Polarização das relações

Polarização das relações

Conflitos políticos no período eleitoral têm prejudicado relações familiares; a prática da alteridade é essencial para uma sociedade democrática

A polarização política na reta final do período eleitoral dividiu não somente opiniões, como também relações sociais.
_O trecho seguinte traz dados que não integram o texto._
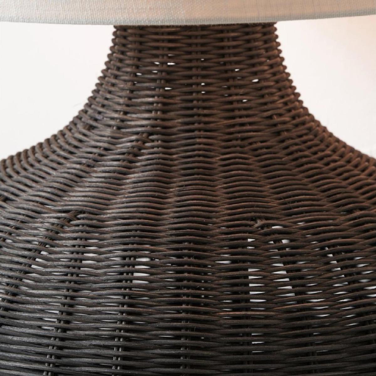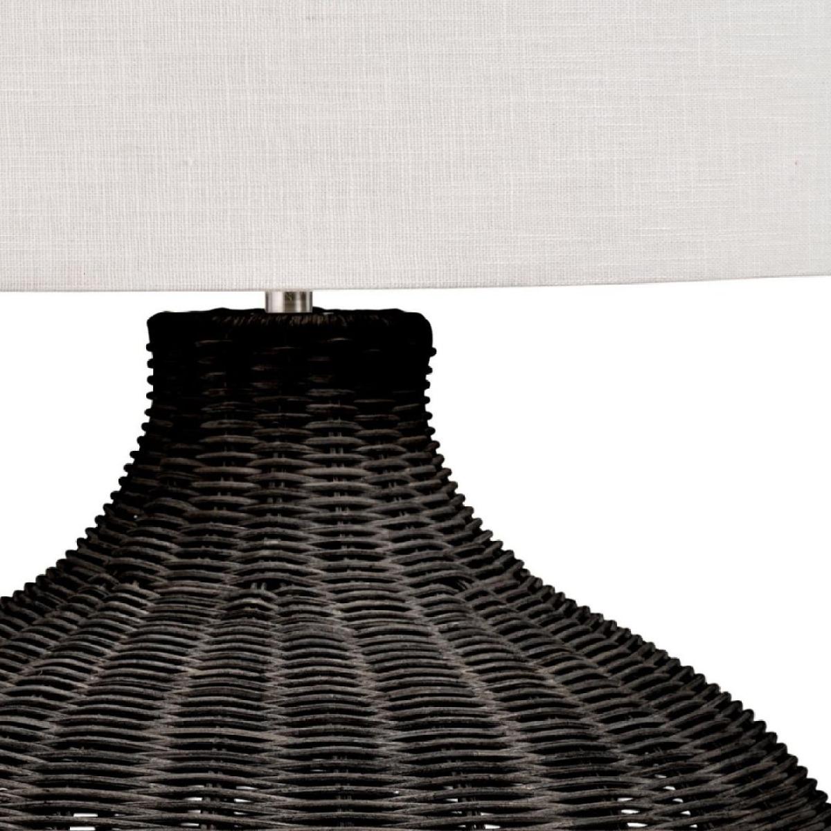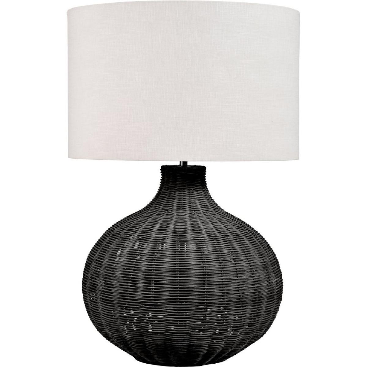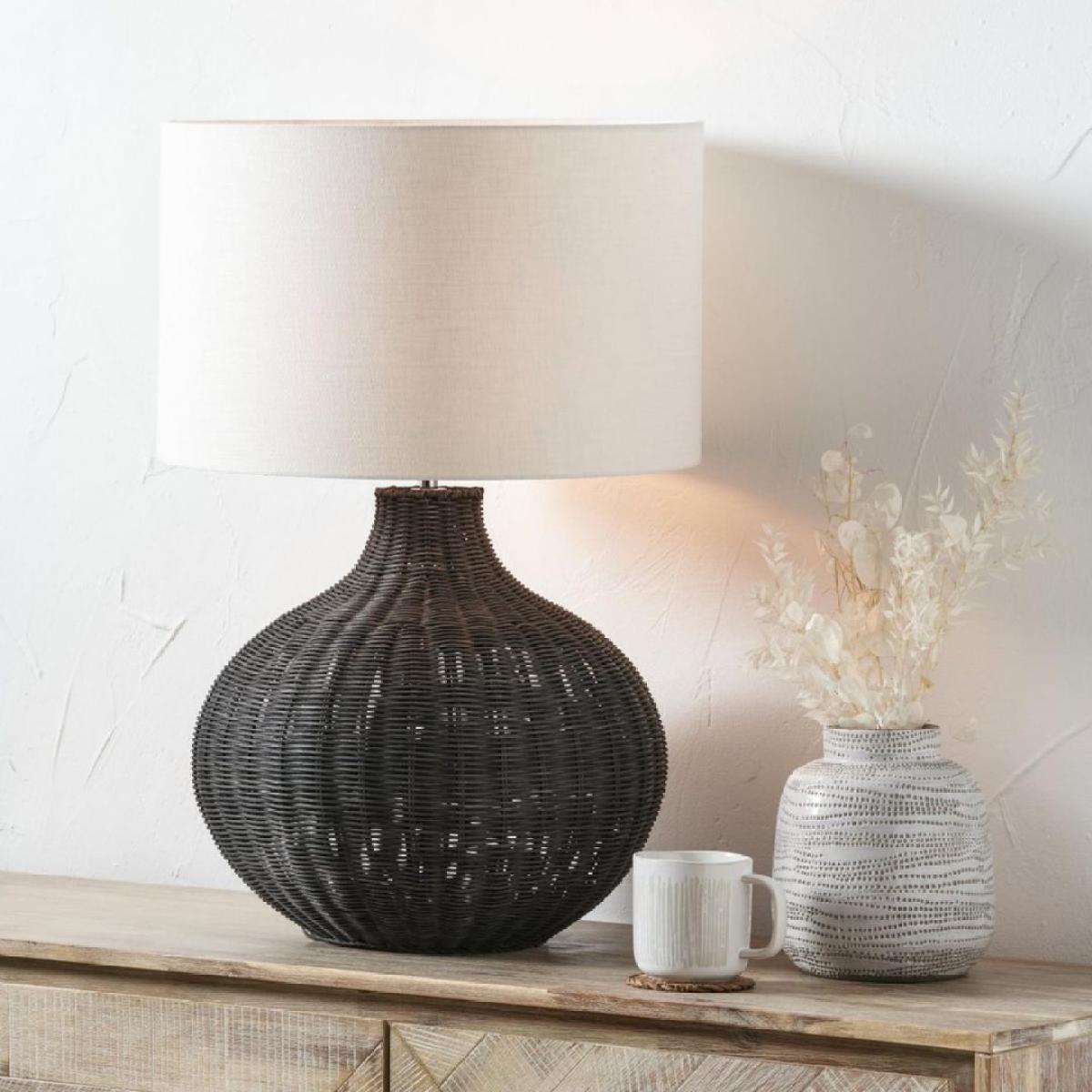 Allona 1-light table lamp, featuring a curved, black rattan base and a lined, white linen drum shade. Effortlessly combining natural texture with modern design, the Allona table lamp makes a stunning addition to any room. Its unique black rattan base brings a sense of organic elegance and a touch of bohemian design. The intricate weave of the rattan adds depth and character, creating a captivating focal point whether the lamp is on or off. Complementing the striking base is a lined, white linen drum shade that softens the light for a warm, inviting ambiance. The clean lines of the shade contrast beautifully with the curved shape of the base and natural texture of the rattan, balancing rustic charm with contemporary sophistication. Perfect for living rooms, bedrooms or hallways, the Allona table lamp is a versatile piece that adds both style and warmth to your space. Allona 1-light table lamp, featuring a curved, black rattan base and a lined, white linen drum shade. Effortlessly combining natural texture with modern design, the Allona table lamp makes a stunning addition to any room. Its unique black rattan base brings a sense of organic elegance and a touch of bohemian design. The intricate weave of the rattan adds depth and character, creating a captivating focal point whether the lamp is on or off. Complementing the striking base is a lined, white linen drum shade that softens the light for a warm, inviting ambiance. The clean lines of the shade contrast beautifully with the curved shape of the base and natural texture of the rattan, balancing rustic charm with contemporary sophistication. Perfect for living rooms, bedrooms or hallways, the Allona table lamp is a versatile piece that adds both style and warmth to your space.
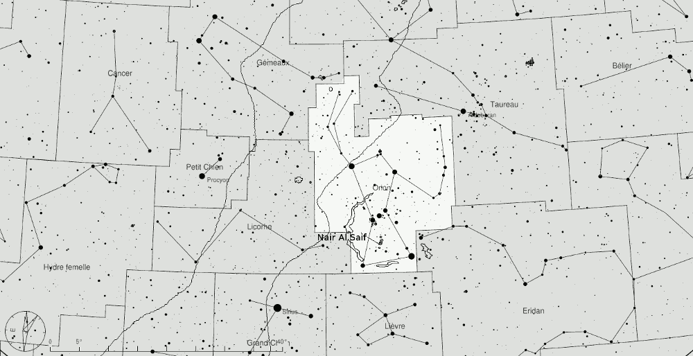 Voisinage : Rigel, Saiph, Alnitak, Alnilam, Mintaka
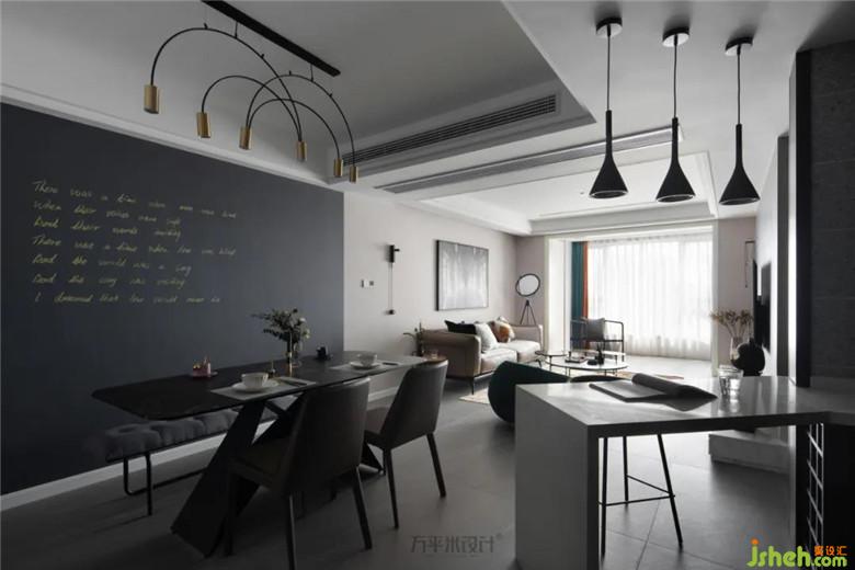 幾何樓梯畫中的透視效果拉伸餐廳縱深感,弧線餐燈的輕盈線條打破空間塊面感,也避免了暗色調(diào)帶來的沉悶。
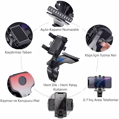 NIPPON, Araç içi Telefon Tutucu Klipsli – Torpido Üstü – Gösterge Paneli – Dikiz Aynası – Araba Telefon Tutucu
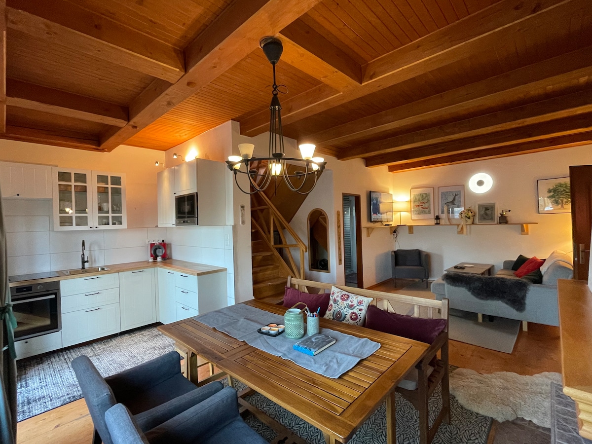 Leilighet hvor historien møter det 21. århundre. Omtrent 80 år gammelt hus gjenoppbygd for moderne livsstil med bevart original vegg laget av steiner. Beliggenheten tilbyr to innsjøer i nærheten, ruiner av slott og vakre turstier. Vinproduksjon i bygda har en tradisjon på mer enn 200 år. Etter avtale med verten kan du bli enige om vinkjellerutflukt med vinsmaking.

A alteridade – a capacidade reconhecer as diferenças do outro e respeitá-las – é essencial para evitar esse tipo de conflito. “No plano familiar, as discussões levam a um acirramento das divergências e conflitos pessoais, acarretando manifestações de ódio, preconceito, rejeições e impossibilidade de convivência comum”, explica o psicólogo e docente da USP de Ribeirão Preto, Sérgio Kodato.

 

 

Para buscar um bem comum, a política passa por embates de projetos, valores e perspectivas diferentes. De acordo com o cientista social e professor, Breno Carlos da Silva, isso se torna prejudicial quando o outro é tratado como inimigo e o desejo se torna o de eliminação dos rivais. A partir do entendimento do diferente, a alteridade implica no reconhecimento, no respeito e na convivência com o outro, com aquele que é essencialmente diferente. “Se tem algo que pode definir a condição humana ao longo da história é justamente a diversidade, a pluralidade, a diferença. Essa dimensão da alteridade é importante para pensarmos não só na condição humana, mas em uma perspectiva política, uma projeção de um horizonte político, democrático e inclusivo”, acrescenta Silva.

 

 

CONFLITOS DE IMPACTO

Segundo o psicólogo e professor do Centro Universitário Barão de Mauá, Felipe Areco, discussões ideológicas e morais podem, em algumas situações, gerar impactos na saúde física e mental. “A expectativa que se cria sobre o que eu vou ouvir gera ansiedade, angústia, conflitos internos no que diz respeito ao que o outro candidato está dizendo ser diferente da forma que eu penso, ou do que o meu candidato está abordando”, descreve. Além disso, segundo Silva, no social e no político os impactos dessa animosidade são extremamente nocivos para a sociedade. “Quando não sabemos lidar com o outro, com o diferente, aquele que pensa, sente, age diferente, com aquele que tem perspectivas morais, religiosas, conceituações e princípios ideológicos distintos dos meus, isso é extremamente ruim para uma sociedade que se imagina, que se projeta democrática”, coloca.

 

 

Uma das estratégias adotadas por algumas pessoas foi se abster de qualquer debate político. Para os especialistas, essa pode ser sim uma opção válida, mas tem suas controvérsias. “A própria família pode traçar suas regras e limites. Quando os ânimos se exaltam, pode ser uma boa ideia encerrar a discussão e, se for o caso, retomar o assunto em um momento de mais calma. Passado o conflito mais intenso, é hora de se dedicar à recomposição das relações, trabalhando em cima dos objetivos do grupo fa- miliar e do bem comum”, discorre Kodato. Por outro lado, contradições, conflitos, problemas fazem parte da vida. Como a vida em sociedade é uma vida inerentemente política, o indivíduo tem que saber lidar com isso. “Discutir política é essencial para o avanço da sociedade como um todo, porque sociedades que criminalizam, demonizam a política, só trazem para si mesmas piores consequências”, acrescenta Silva.

 

CESSAR-FOGO

Após o resultado eleitoral do segundo turno, fica a expectativa de como se darão as reuniões familiares nas festividades de final de ano. Para especialistas, o futuro da Ceia de Natal deste ano envolve reconhecer as diferenças. “Por mais que haja divergências sobre um tema, é possível pensar em pontos comuns com o propósito de estar juntos”, ressalta Kodato. Para Areco, atualmente, tem sido difícil estabelecer um diálogo saudável, pois as divergências de discurso de ódio, intolerância, preconceito, tem tomado muito mais à frente do que o debate de ideias. “Não é um pessimismo a da minha parte para pensarmos em um diálogo saudável, mas temos antes que desconstruir o que já existe”, finaliza.